Sliding Computations
We can run a sliding computation over an epi_archive
object, much like
epi_slide()
does for an epi_df
object. This is accomplished by calling
the slide()
method for an epi_archive
object, which works similarly to
the way epi_slide()
works for an epi_df
object, but with one key
difference: it is version-aware.

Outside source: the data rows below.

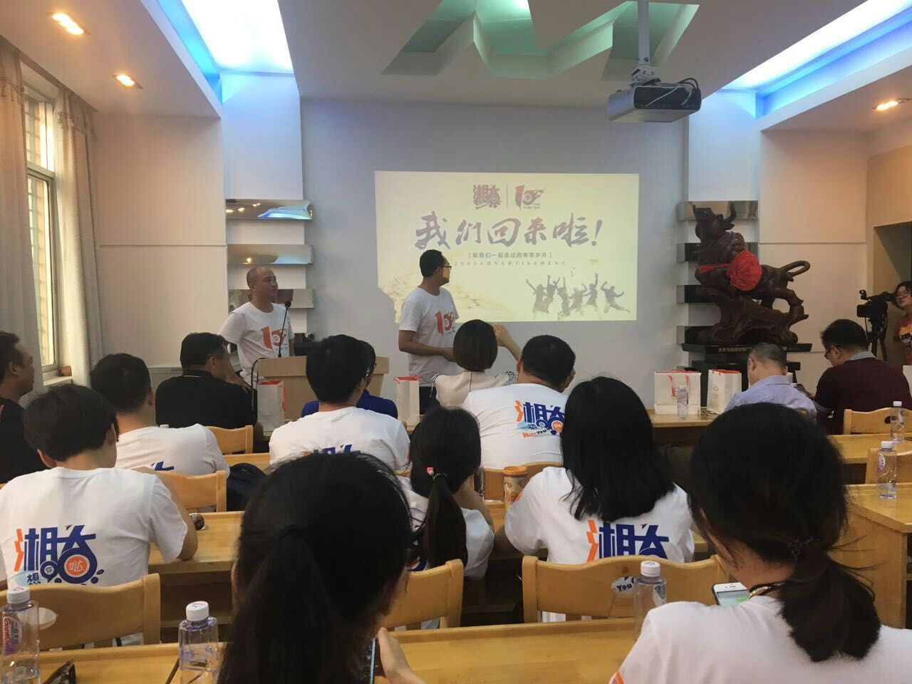 主题班会后,2003级广告班校友向学院捐赠了名为《牛势》的工艺品,并衷心祝愿母校湘潭大学的发展更加牛气冲天,衷心祝愿母院的一级学科博士点申报等各项工作势在必得。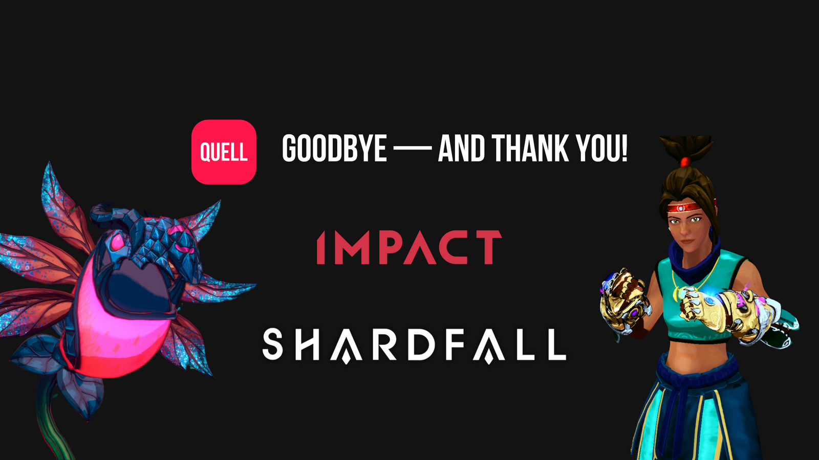 As development on Shardfall comes to an end, we bid you all a fond farewell. It has been an incredible privilege to work with the exceptional Quell community we’ve built over the last five years, and we take great pride in the experience we created together with Shardfall and the Impact.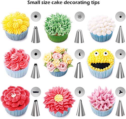 Con 32 beccucci in acciaio INOX, 2 sac à poche riutilizzabili, 2 accoppiatori in plastica riutilizzabili e 2 supporti per fiori riutilizzabili è possibile creare facilmente tutti i tipi di motivi su una torta.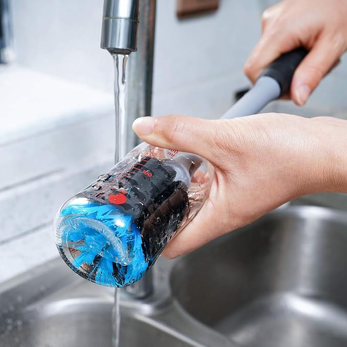- Dual-Function Bristles: The Bottle Brush Head has two types of bristles for gentle cleaning and serious scrubbing; soft black bristles are gentle enough to wine glasses and crystal without scratching, while the stiff blue bristles on the tip are firmer, give the hard-to-reach corners and bottom of bottles a serious scrub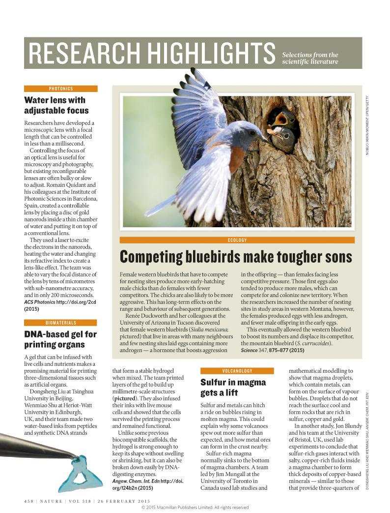 最近,劉冬生課題組與英國瓦特大學舒文淼(Will Shu)的合作項目獲得突破性成就,他們成功地將DNA水凝膠材料應用于活細胞的3D打印,其論文發表在《德國應用化學》并予重點報道。2月26日,《自然》雜志也報導了其研究成果,并評價該材料為“一種非常有前景的打印三維組織和人工器官的材料。”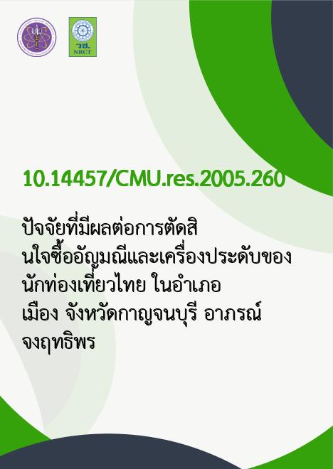 ปัจจัยที่มีผลต่อการตัดสินใจซื้ออัญมณีและเครื่องประดับของนักท่องเที่ยวไทย ในอำเภอเมือง จังหวัดกาญจนบุรี /อาภรณ์ จงฤทธิพร |

That is, for an epi_archive
object, the
sliding computation at any given reference time point t is performed on
data that would have been available as of t.
Examples
# Simple ex. with necessary keys
tib <- tibble::tibble(
geo_value = rep(c("ca", "hi"), each = 5),
time_value = rep(seq(as.Date("2020-01-01"),
by = 1, length.out = 5
), times = 2),
version = rep(seq(as.Date("2020-01-02"),
by = 1, length.out = 5
), times = 2),
value = rnorm(10, mean = 2, sd = 1)
)
toy_epi_archive <- tib %>% as_epi_archive()
toy_epi_archive
#> → An `epi_archive` object, with metadata:
#> ℹ Min/max time values: 2020-01-01 / 2020-01-05
#> ℹ First/last version with update: 2020-01-02 / 2020-01-06
#> ℹ Versions end: 2020-01-06
#> ℹ A preview of the table (10 rows x 4 columns):
#> Key: <geo_value, time_value, version>
#> geo_value time_value version value
#> <char> <Date> <Date> <num>
#> 1: ca 2020-01-01 2020-01-02 0.5999565
#> 2: ca 2020-01-02 2020-01-03 2.2553171
#> 3: ca 2020-01-03 2020-01-04 -0.4372636
#> 4: ca 2020-01-04 2020-01-05 1.9944287
#> 5: ca 2020-01-05 2020-01-06 2.6215527
#> 6: hi 2020-01-01 2020-01-02 3.1484116
#> 7: hi 2020-01-02 2020-01-03 0.1781823
#> 8: hi 2020-01-03 2020-01-04 1.7526747
#> 9: hi 2020-01-04 2020-01-05 1.7558004
#> 10: hi 2020-01-05 2020-01-06 1.7172946
# Ex. with an additional key for county
df <- data.frame(
geo_value = c(replicate(2, "ca"), replicate(2, "fl")),
county = c(1, 3, 2, 5),
time_value = c(
"2020-06-01",
"2020-06-02",
"2020-06-01",
"2020-06-02"
),
version = c(
"2020-06-02",
"2020-06-03",
"2020-06-02",
"2020-06-03"
),
cases = c(1, 2, 3, 4),
cases_rate = c(0.01, 0.02, 0.01, 0.05)
)
x <- df %>% as_epi_archive(other_keys = "county")
#> Warning: Unsupported time type in column `x$time_value`, with class `character`.
#> Time-related functionality may have unexpected behavior.